• **YOUR OBJECTIVE**: Would you give back exactly the lines from the line with "Glat hvid fajance" through the end of the entries below, both included, but none of the pictures?

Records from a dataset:
⁂

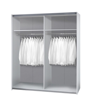 Hyvin tilaa antava valkoinen vaatekaappi liukuovilla. Kysy lisää asiakaspalvelustamme.
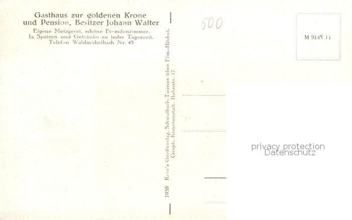 73782424 Waldmichelbach Unter-Schoenmattenweg u. Gasthaus zur goldenen Krone postalisch nicht gelaufen Erhaltung siehe scans [LiesaD40] KatCode: 11110006431021
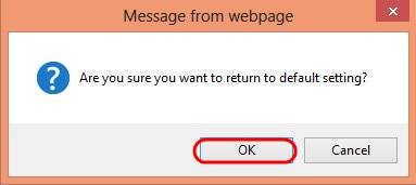 Paso 3. Aparece una ventana de confirmación que le pregunta si está seguro de que desea volver a la configuración predeterminada. Haga clic en Aceptar para confirmar y restablecer los parámetros predeterminados del router.
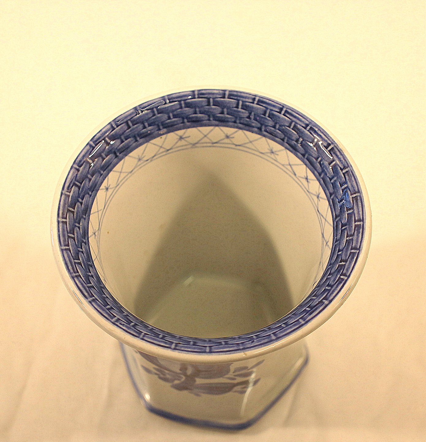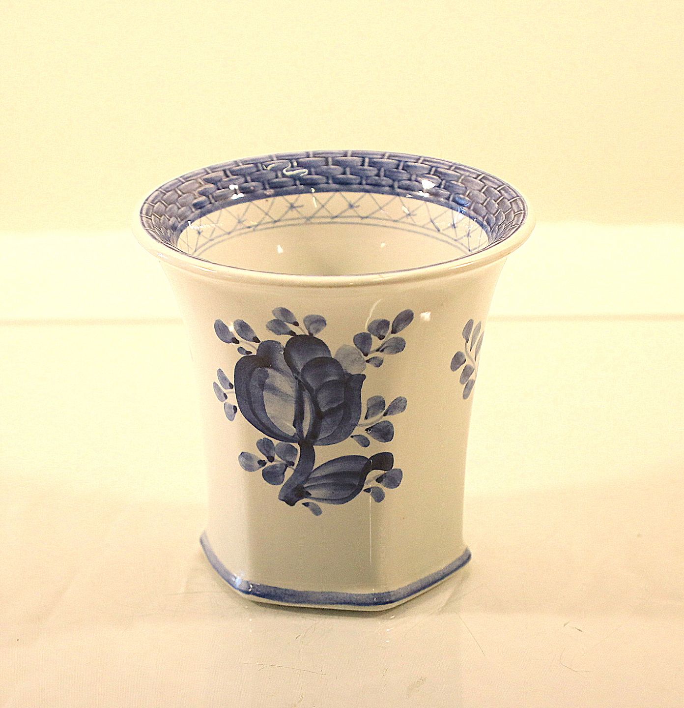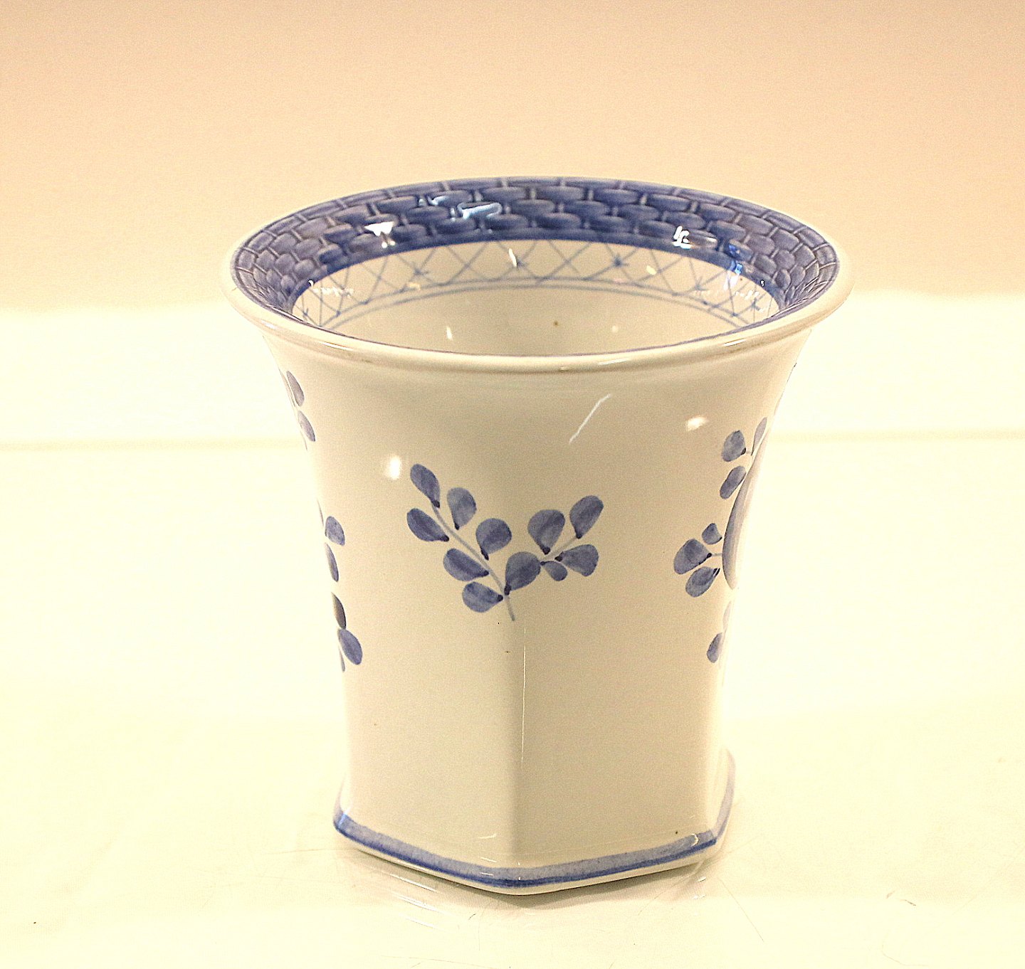 Glat hvid fajance med blå dekoration af blomster og blå bort
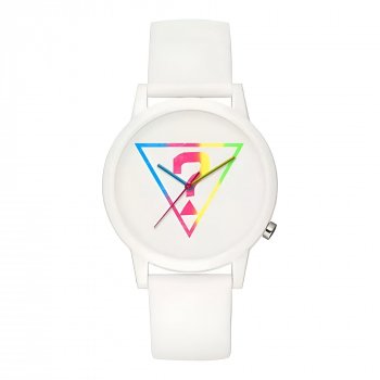 Guess Lilac Silicone Strap Quartz Watch with Silver Dial – 44mm

⁂

• **TASK RESPONSE**:
 Glat hvid fajance med blå dekoration af blomster og blå bort
 Guess Lilac Silicone Strap Quartz Watch with Silver Dial – 44mm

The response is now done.